Though the birds had largely spared it as a target, we gave the bench its annual swabbing with cedar-sage spray cleaner, a scrub brush and paper towels. The bronze plaque remained clearly legible: “For Barbara, who loved this island, from Brian, who always sat beside her.”

Perched comfortably, my daughter and I munched on apple slices dipped in peanut butter, sipped a tart and fresh New Zealand wine from colorful metal tumblers off the boat, and took turns reading aloud from one of Barbara’s favorite mystery authors, Elizabeth Peters. “The Last Camel Died at Noon” featured the adventures of Egyptologist Amelia Peabody and her professorial husband, Radcliffe Emerson.

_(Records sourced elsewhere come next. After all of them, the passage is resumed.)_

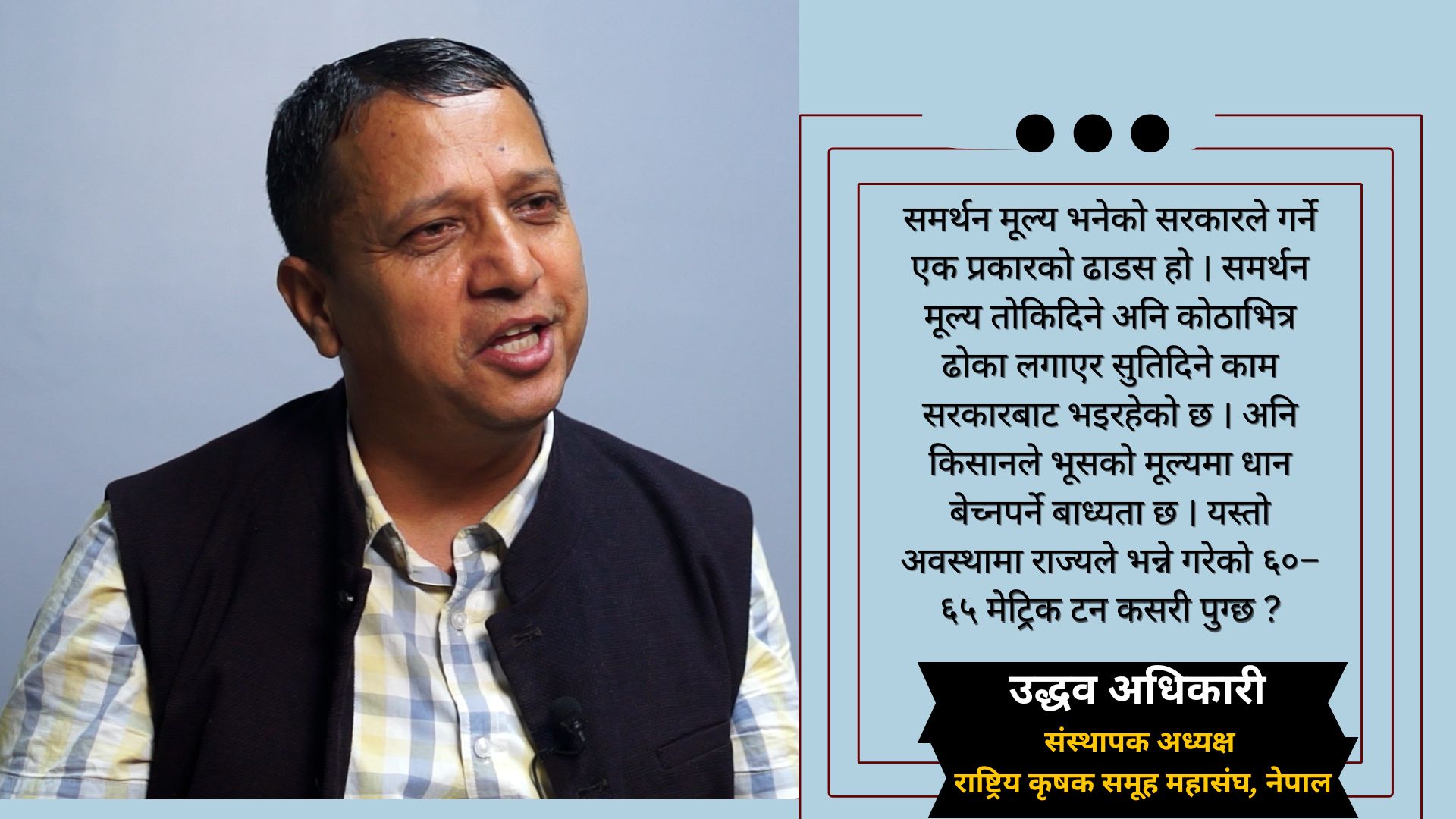 समर्थन मूल्य भनेको सरकारले गर्ने एक प्रकारको ढाडस हो । समर्थन मूल्य तोकिदिने अनि कोठाभित्र ढोका लगाएर सुतिदिने काम सरकारबाट भइरहेको छ । अनि किसानले भूसको मूल्यमा धान बेच्नपर्ने बाध्यता छ । यस्तो अवस्थामा राज्यले भन्ने गरेको ६०–६५ मेट्रिक टन कसरी पुग्छ ?
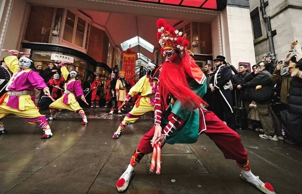 2月10日至11日,來(lái)自中國(guó)廣東的國(guó)家級(jí)非遺代表性項(xiàng)目普寧英歌舞在倫敦市中心伯靈頓拱廊和特拉法加廣場(chǎng)精彩亮相,用颯爽的舞姿為英國(guó)倫敦的新春慶典活動(dòng)頻添亮色。
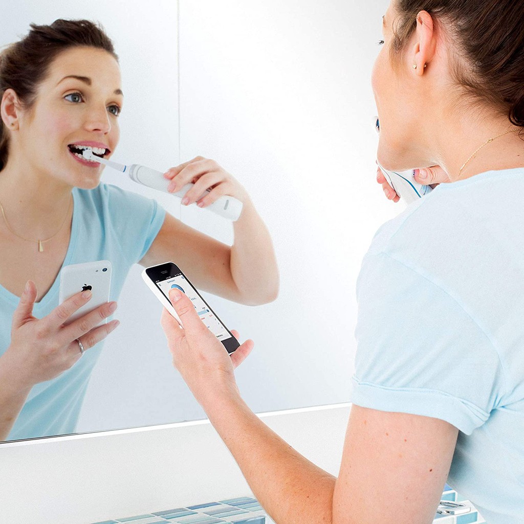 • 3D cleaning electric toothbrush head oscillates and rotates to break up and remove 100% more plaque than a regular manual toothbrush
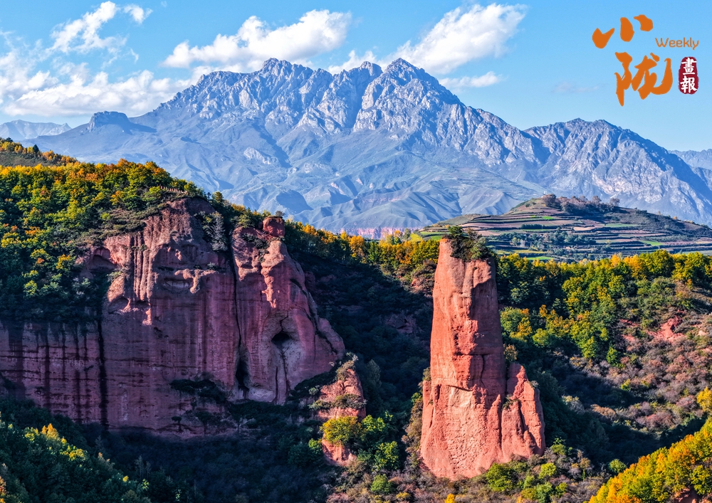 俯瞰整個冶力關,遠處的雪峰在陽光照耀下泛著銀光,與近處的彩林形成鮮明對比,宛如一幅氣勢磅礴的山水畫卷。
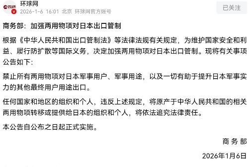 中国出手反制了!正在窜访的汉奸石平被狠狠的打了一记耳光!在我们通过军演发出震慑性消息,明确表示,我们绝不允许域外势力干涉我们的内政之后,没想到日本议员石平仍旧“顶风作案”,悍然窜访台湾。就在石平窜访当天,我们对日本进行反制。1月6日,我们商务部发表对日反制公告。 这一记反制重拳,时机选择得非常精准,完全不给人任何喘息的机会,直接在对方气焰最嚣张的时候泼了一盆冷水。 石平这个人,原本是中国人,后来跑去日本改名换姓,靠着攻击抹黑自己的祖国来博取政治资本,这种数典忘祖的行为早就被国人所不齿。 他既然选择当日本政客的马前卒,既然敢在台湾问题上踩红线,那就要做好承受雷霆反击的准备,我们这次的反击就是要让这种跳梁小丑付出代价。 商务部的公告虽然文字简练,但释放出的信号极其强烈,那就是谁胆敢在台湾问题上挑衅滋事,谁就必须承担经济层面的直接后果。 这次针对日本的两用物项出口管制,表面看是技术层面的调整,实则是对日本右翼势力插手台海事务的一次实质性警告。 很多日本政客习惯了打“台湾牌”,以为嘴上过过瘾、搞点政治作秀就能没事,这种幼稚的想法必须被打破,只有让他们感到疼,他们才会长记性。 石平之流之所以敢这么肆无忌惮,就是觉得干涉中国内政没有成本,甚至还能在国内捞取政治选票,我们就是要彻底打碎这种幻想。 控制两用物项出口,意味着日本相关企业在获取敏感原材料和零部件时将面临巨大困难,这对于高度依赖制造业的日本经济来说,打击是实实在在的。 我们既然出手,就不会是做做样子,这套管制措施背后有着强大的产业链支撑,足以在关键节点上卡住对方的脖子。 日本政府此前一直跟着美国的指挥棒转,对半导体设备出口实施各种限制,现在轮到我们反制,他们倒打一耙说我们“不符合惯例”,简直是荒谬至极。 国际通行惯例的前提是相互尊重,日本既然先破坏了规则,试图遏制中国发展,那就别怪我们行使正当的国家主权权利进行自卫。 石平这次窜访台湾,原本是想给岛内的“台独”势力打气,结果没等到掌声,反而等来了祖国大陆的雷霆手段,这无疑让他的行程显得格外讽刺。 岛内那些把希望寄托在外国干预势力身上的人,看到石平的下场也应该心里清楚,依附外部势力来对抗统一大计,最终只会招致更猛烈的暴风雨。 商务部选在1月6日这个时间点发布公告,就是要把石平的窜访行为和日本的切身利益直接挂钩,明确告诉日方:你的议员挑衅,你的国家买单。 这种连带责任的敲打,会让日本国内那些理性派力量对石平这种极端右翼分子产生不满,从而在他们内部制造矛盾和分歧。 我们处理中日关系,一向主张“以史为鉴,面向未来”,但这绝不意味着我们会对任何损害中国主权的行为视而不见。 石平作为一个华裔日本政客,本应发挥桥梁作用,却选择充当破坏两国关系的急先锋,这种人注定会被钉在历史的耻辱柱上。 这次反制措施不仅是对石平个人的回击,更是对所有试图干涉中国内政的外部势力的严正警告,红线绝对不能碰。 随着中国综合国力的不断提升,我们在经贸、科技等领域的筹码越来越多,手里掌握的牌也越来越好,完全有能力精准打击对手的软肋。 日本商界对于政府的这种鲁莽外交其实一直颇有微词,这次管制措施落地,必然会引起日本企业界对政府的强烈不满,进而倒逼日本政客调整政策。 我们不怕事,但也绝不惹事,只要各方尊重中国的核心利益和重大关切,互利共赢的大门始终是敞开的。 但如果有人执迷不悟,非要往枪口上撞,那我们手中的工具箱里还有 plenty of 工具,随时准备拿出来祭旗。 石平以为有了日本议员的身份就能狐假虎威,殊不知在绝对的国家意志面前,他不过是一枚随时可以弃用的棋子。 这次狠狠的一记耳光,不仅打在了石平的脸上,也打在了所有支持和纵容他的外部势力脸上,让他们看清楚谁才是这片土地真正的主人。 商务部后续肯定还会有具体的实施细则出台,这套组合拳打下来,足以让日本某些人清醒很长一段时间。 维护国家主权和领土完整,是每一个中国人的神圣职责,任何分裂国家的企图都必将遭到失败,任何干涉中国内政的行径都必将受到惩罚。 石平的窜访闹剧,最终以中方的强力反制收场,这再次证明了一个真理:犯我中华者,虽远必诛,何况是这种数典忘祖的汉奸走狗。 我们拭目以待,看看日本方面接下来还能玩出什么花样,不管他们怎么跳,都跳不出如来佛的手掌心。
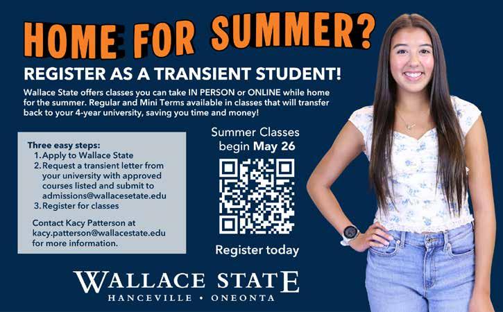 Whether you’re taking one class or a full course load, now is a great time to plan ahead. Review the Summer 2026 offerings, meet with a success advisor to map your Pathway and transfer goals, and explore the many resources available to help you succeed. Visit our website, use the Wallace State mobile app, or stop by Lion Central for in-person support.
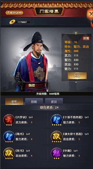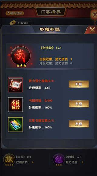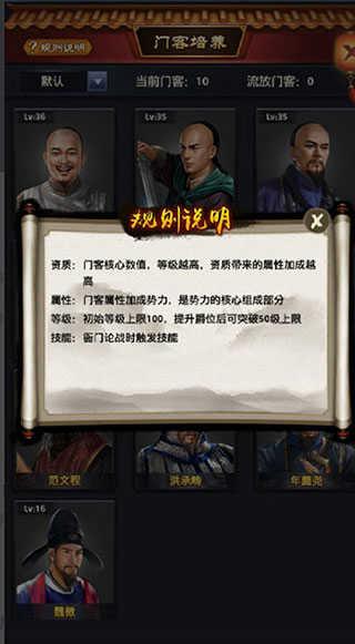 以及门客的资质很重要,建议培养哪个门客就用卷轴或者攒书籍经验升级(个人推荐书籍经验,因为是百分之百成功率,虽然慢了点,但是有保证)
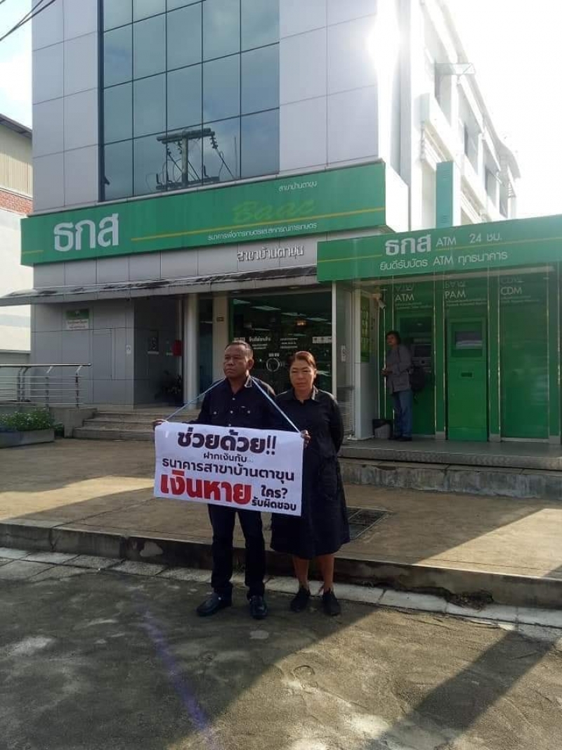 แถลงการณ์ของธนาคารระบุว่า ตามที่ปรากฏข่าวลูกค้าเงินฝากธนาคารเพื่อการเกษตรและสหกรณ์การเกษตร ธกส สาขาบ้านตาขุน จังหวัดสุราษฎร์ธานี ร้องเรียนว่า ได้ฝากเงินไว้กับ ธกส และเงินในบัญชีได้สูญหายไปบางส่วน นั้น ธกส ขอเรียนชี้แจงเกี่ยวกับประเด็นข้างต้นดังนี้
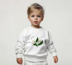 Our baby sweatshirts are made from 85% organic cotton and 15% recycled polyester.
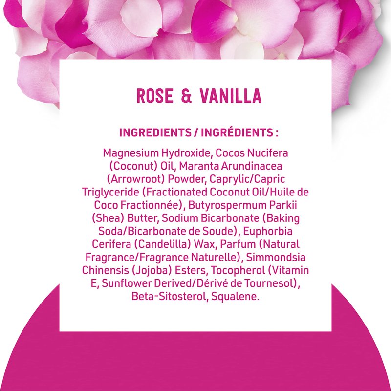 - Certified 100 percent Natural Origin Fragrance – Rose and Vanilla Deo features a heavenly bouquet of roses with a hint of sweet, warming vanilla, made with essential oils
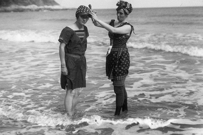 في فترة العشرينات من القرن الماضي، كانت السباحة على الشاطئ تتمثل بارتداء التنانير الطويلة والجوارب، عندما نصحت مصممة الأزياء العالمية كوكو شانيل النساء آنذاك، يالكف عن تغطية أجسامهن من الشمس.
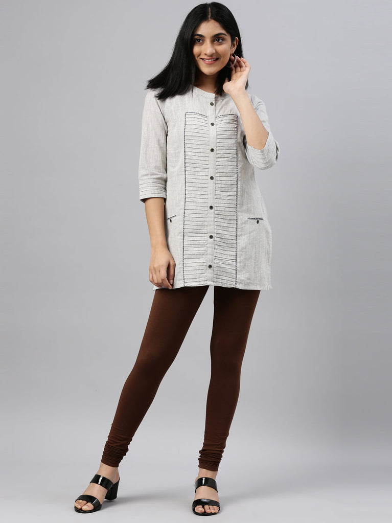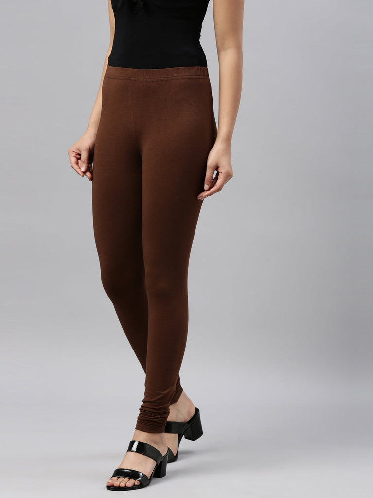 Go chic with a pair of Dark Brown Solid Churidar Leggings. Made from high quality cotton, it has a elasticised waistband & gathers at the hemline.
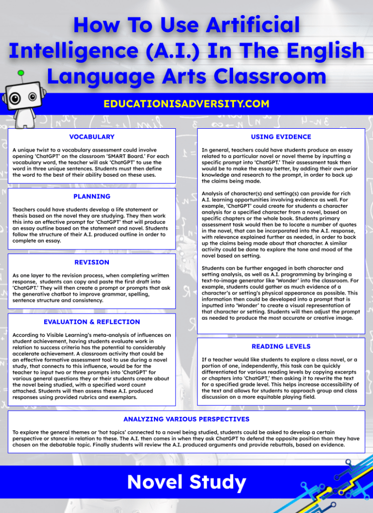 How To Use Artificial Intelligence (A.I.) In The English Language Arts Classroom: Novel Study Posted by chrisbgardner on November 6, 2023November 6, 2023 Share this: Share on Facebook (Opens in new window) Facebook Share on X (Opens in new window) X Share on LinkedIn (Opens in new window) LinkedIn Share on Pinterest (Opens in new window) Pinterest Email a link to a friend (Opens in new window) Email Print (Opens in new window) Print More Share on Tumblr (Opens in new window) Tumblr Share on Reddit (Opens in new window) Reddit Share on Pocket (Opens in new window) Pocket Share on Telegram (Opens in new window) Telegram Share on WhatsApp (Opens in new window) WhatsApp Like Loading... Related
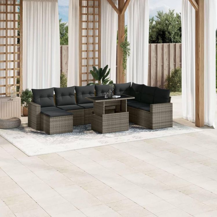 Salon de jardin 9 pcs avec coussins gris resine tressee

Lillian at the stone gateway to the madrona forest on Sucia Island.

After hiking back on an alternate route through a marvelous madrona forest, we returned in the morning with a vacuum jug of coffee and a small campstove. Cloudy skies cleared to golden sunshine just as we arrived at the magic bench. Over the stove’s flame, we made toast that we smeared with ripe avocado. More Amelia readings. More quiet communing with our beloved wife and mother.

“I miss her,” I told Lillian. “I do, too,” responded our daughter, who turns 33 this month. “She knew how to make things perfect.”

A spare paper towel had to suffice for the Kleenex I forgot to pack.

Much has changed in our lives and continues to change. My ability to fall in love has sputtered back to life, with emotional twists and turns. Lillian and partner Chris are soon to move to Philadelphia, as he takes a new job as a flight attendant. Lillian, the baker, hopes to become Lillian, the book editor. Along the way, they will enjoy free flights all over the world.

But come what may, our love for Barbara will never change. We think of her often. And at least once a year, at least one of us will return to commune with her on her enchanted island.